Taking 300t as an example, the master cylinder 1 includes two plunger cylinders. In order to meet the requirements of the main tonnage, the two plunger cylinders are each 150t, and the center line of the hydraulic machine is symmetrically disposed on both sides.

The quick cylinder 2 is arranged in the middle position of the hydraulic machine, and is responsible for the quick release, demolding and quick return of the slider 3. The size of the quick cylinder 2 is configured with a maximum release force of 300KN.
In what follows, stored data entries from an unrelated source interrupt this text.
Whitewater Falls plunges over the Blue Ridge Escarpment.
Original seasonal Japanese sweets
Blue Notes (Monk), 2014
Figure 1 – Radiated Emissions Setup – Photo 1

Both the master cylinder 1 and the quick cylinder 2 are mounted on the upper beam 6 by screws. The head flange of the master cylinder 1 is coupled with the slider 3, and the quick cylinder 2 passes through the intermediate transition plate 2-1 and the double guide rod 2-2. Slider 3 is connected.

The weights 4 are disposed on two sides of the hydraulic machine and are disposed in two or four columns, and the weights on both sides are equal. The minimum total weight should exceed 2t (reference value) of the total weight of the slider and the mold, and 2t is the frictional force Ts overcome by the slider return stroke. Ts makes the initial state of the slider 3 move upward.
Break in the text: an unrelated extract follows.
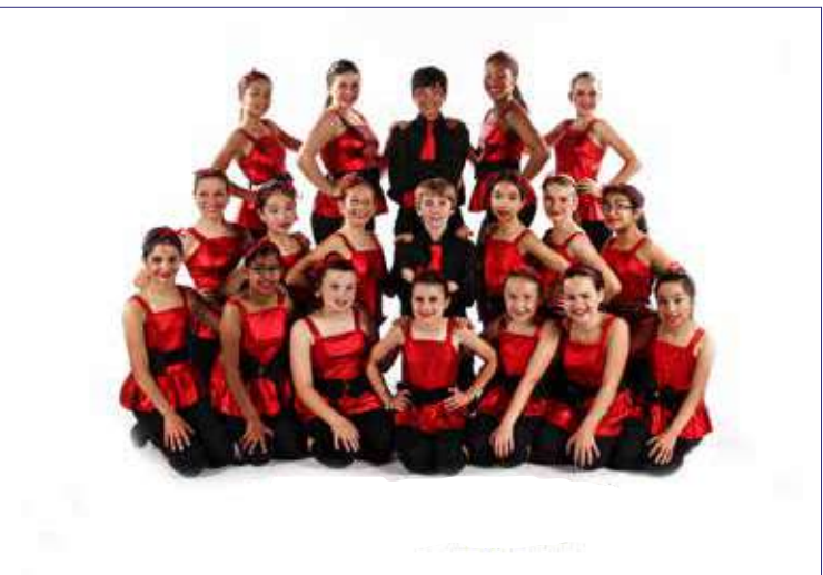
BLACK HORSE AND CHERRY TREE

Due to the upward movement of the slider, the safety of the equipment has been greatly improved; the complicated safety protection design in mechanical design, electrical programming design and hydraulic design can be eliminated.
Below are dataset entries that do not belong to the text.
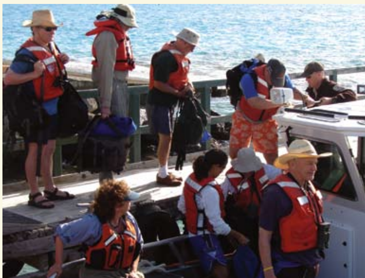
For the first time in six years, Midway Atoll National Wildlife Refuge – site of an epic naval battle in 1942 – has reopened its doors to tour groups. (Wayne Sentman)

The Oceanic Society – a nonprofit marine conservation organization based in San Francisco – has been authorized to coordinate seven week-long tours in 2007 and another round of island visits in 2008. The tour season runs through December, with an August to October break while the albatross are at sea. For now, each tour is limited to no more than 16 participants.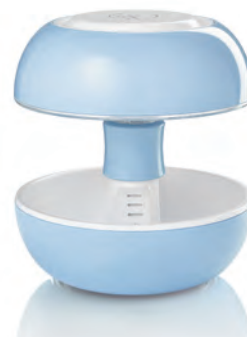
● light blue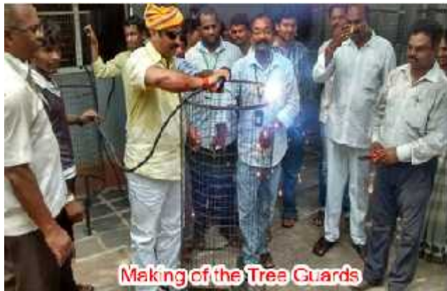
Making of the Tree Guards

The counterweight 4 is connected to the slider by means of a lifting actuating device comprising a wire rope 7 and a fixed pulley 8, which is connected to the slider 3 by a fixed pulley 8 with a wire rope 7.

Wherein, the fixed pulley 8 or the pulley block or the fixed pulley system reduces the weight of the weight. The wire rope 7 is in a multi-strand form to ensure safety.

The counterweight 4 needs to overcome the weight of its own weight, the weight of its own weight T = the weight of the slider Th + the weight of the piston rod + the total weight of the upper mold Tm + the friction of the guide rail Td = 5.2t + 1.5t + 6t + 1.9t = 14.6t. According to the above data, the minimum total weight weight Tz=T+Ts=14.6t+2t=16.6t, and the weight of the single side weight is 8.3t.

The counterweight 4 is weight-weighted, as shown in Figure 3. If the weight of the single-side counterweight is 8.3t, it is divided into 6 pieces of 1t weights, 4 pieces of 0.5t weights, and 3 pieces of 0.t weights. Guide holes and lifting holes are provided on each side of each weight block for easy guiding and installation. The counterweight adopts weight-weighted weights, and each of the weights has a guide hole and a hanging hole on both sides.

The pressure of the plug chamber and the rod chamber of the quick cylinder 2 is detected to determine the size of the counterweight. A pressure sensor is installed in the plug cavity and the rod cavity of the fast chamber 2, and it is determined whether the weight is reasonable according to the pressure value.

If the weight of the counterweight is too light or the wire rope is broken, the pressure of the quick cylinder cavity should be greater than 12 MPa (the slider is calculated from the gravity of 14.6t) to avoid the sliding down of the slider and ensure the personal safety of the operator.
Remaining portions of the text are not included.